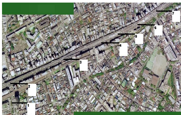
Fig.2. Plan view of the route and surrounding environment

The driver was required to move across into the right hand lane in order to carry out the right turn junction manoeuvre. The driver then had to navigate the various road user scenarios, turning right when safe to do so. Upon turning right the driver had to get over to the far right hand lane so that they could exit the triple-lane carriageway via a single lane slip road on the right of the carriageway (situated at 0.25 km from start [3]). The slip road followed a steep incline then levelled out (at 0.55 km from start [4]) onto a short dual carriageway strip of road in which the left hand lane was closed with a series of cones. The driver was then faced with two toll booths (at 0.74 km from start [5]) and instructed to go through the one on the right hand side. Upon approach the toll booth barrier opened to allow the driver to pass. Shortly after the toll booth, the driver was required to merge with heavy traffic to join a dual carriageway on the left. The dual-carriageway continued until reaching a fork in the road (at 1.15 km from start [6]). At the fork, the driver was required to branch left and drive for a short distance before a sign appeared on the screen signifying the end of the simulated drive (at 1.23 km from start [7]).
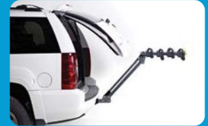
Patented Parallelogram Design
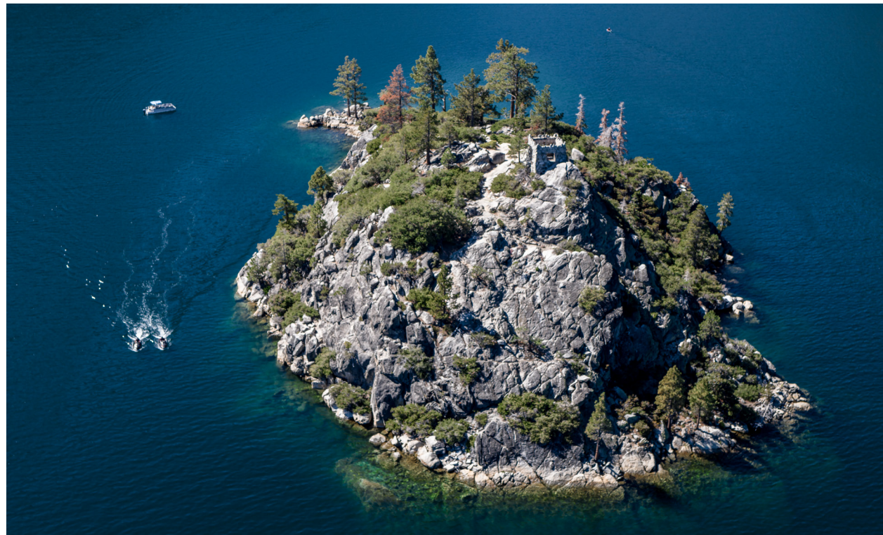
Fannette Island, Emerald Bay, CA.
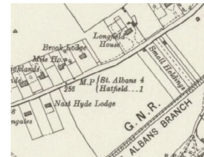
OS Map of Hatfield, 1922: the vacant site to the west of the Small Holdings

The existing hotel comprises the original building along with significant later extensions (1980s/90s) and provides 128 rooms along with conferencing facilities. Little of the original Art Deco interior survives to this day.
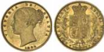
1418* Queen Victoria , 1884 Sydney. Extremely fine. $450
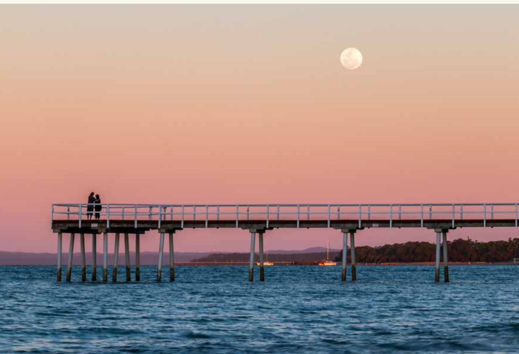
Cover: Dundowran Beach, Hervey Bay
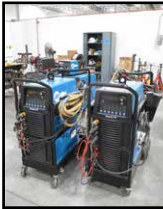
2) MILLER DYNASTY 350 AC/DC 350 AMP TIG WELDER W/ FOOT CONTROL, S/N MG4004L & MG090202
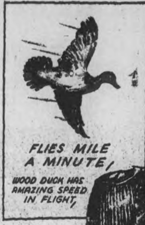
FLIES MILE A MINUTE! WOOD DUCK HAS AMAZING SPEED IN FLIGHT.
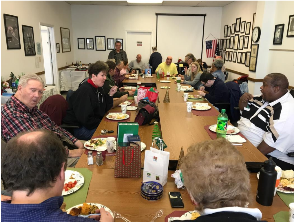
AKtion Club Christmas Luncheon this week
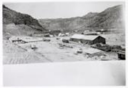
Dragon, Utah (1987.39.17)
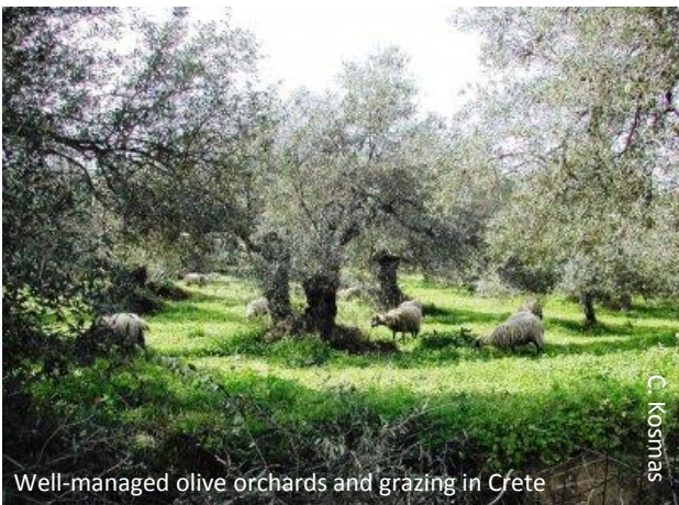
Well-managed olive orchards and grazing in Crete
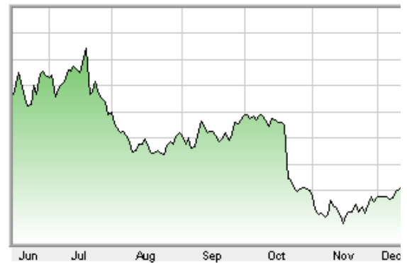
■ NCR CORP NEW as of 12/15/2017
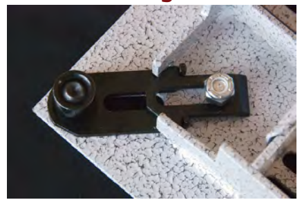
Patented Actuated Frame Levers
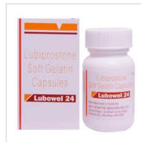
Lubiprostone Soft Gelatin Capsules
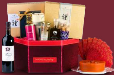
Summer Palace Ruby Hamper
§
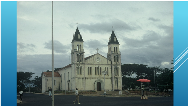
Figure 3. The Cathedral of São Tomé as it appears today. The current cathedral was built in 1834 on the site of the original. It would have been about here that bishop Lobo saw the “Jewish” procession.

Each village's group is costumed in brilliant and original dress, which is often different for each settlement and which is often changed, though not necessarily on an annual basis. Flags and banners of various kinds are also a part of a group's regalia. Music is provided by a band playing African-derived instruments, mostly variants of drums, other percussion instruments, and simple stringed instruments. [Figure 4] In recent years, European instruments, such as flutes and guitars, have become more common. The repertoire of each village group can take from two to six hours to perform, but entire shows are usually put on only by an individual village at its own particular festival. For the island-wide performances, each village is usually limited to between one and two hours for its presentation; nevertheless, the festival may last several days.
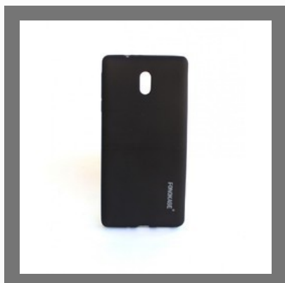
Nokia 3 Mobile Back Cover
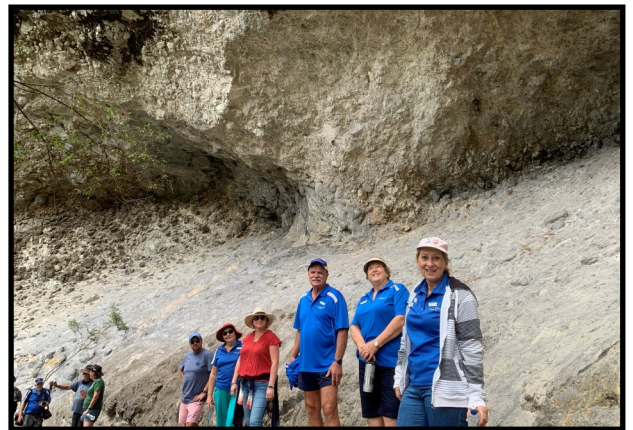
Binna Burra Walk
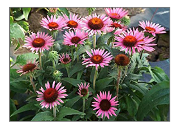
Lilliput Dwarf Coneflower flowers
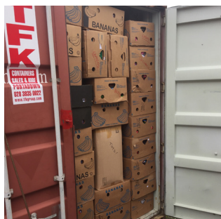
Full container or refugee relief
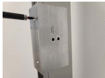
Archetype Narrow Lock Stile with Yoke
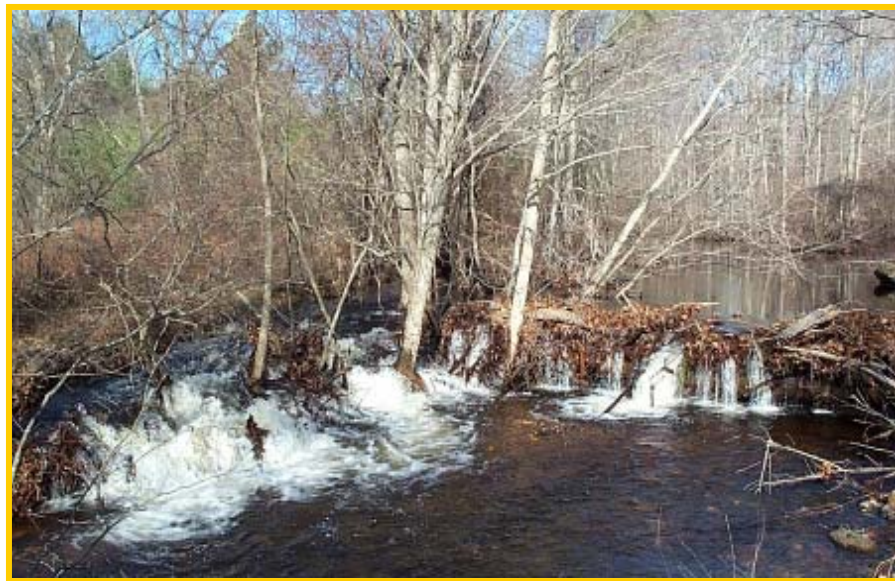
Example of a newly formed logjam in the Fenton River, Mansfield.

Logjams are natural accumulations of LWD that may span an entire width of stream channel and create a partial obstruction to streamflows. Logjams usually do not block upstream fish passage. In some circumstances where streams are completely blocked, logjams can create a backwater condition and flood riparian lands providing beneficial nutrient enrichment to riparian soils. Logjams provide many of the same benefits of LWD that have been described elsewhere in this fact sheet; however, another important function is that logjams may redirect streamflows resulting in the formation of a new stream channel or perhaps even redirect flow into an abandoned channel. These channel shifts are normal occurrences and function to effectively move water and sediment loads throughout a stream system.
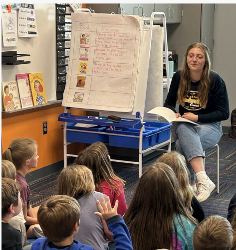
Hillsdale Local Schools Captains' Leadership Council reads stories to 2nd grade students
§
_Exercise objective_
Copy only this from above: the line containing "Well-managed olive orchards", the line containing "Summer Palace Ruby Hamper", and all lines between, printed exactly. Leave out the pictures.

_Exercise result_
Well-managed olive orchards and grazing in Crete
■ NCR CORP NEW as of 12/15/2017
Patented Actuated Frame Levers
Lubiprostone Soft Gelatin Capsules
Summer Palace Ruby Hamper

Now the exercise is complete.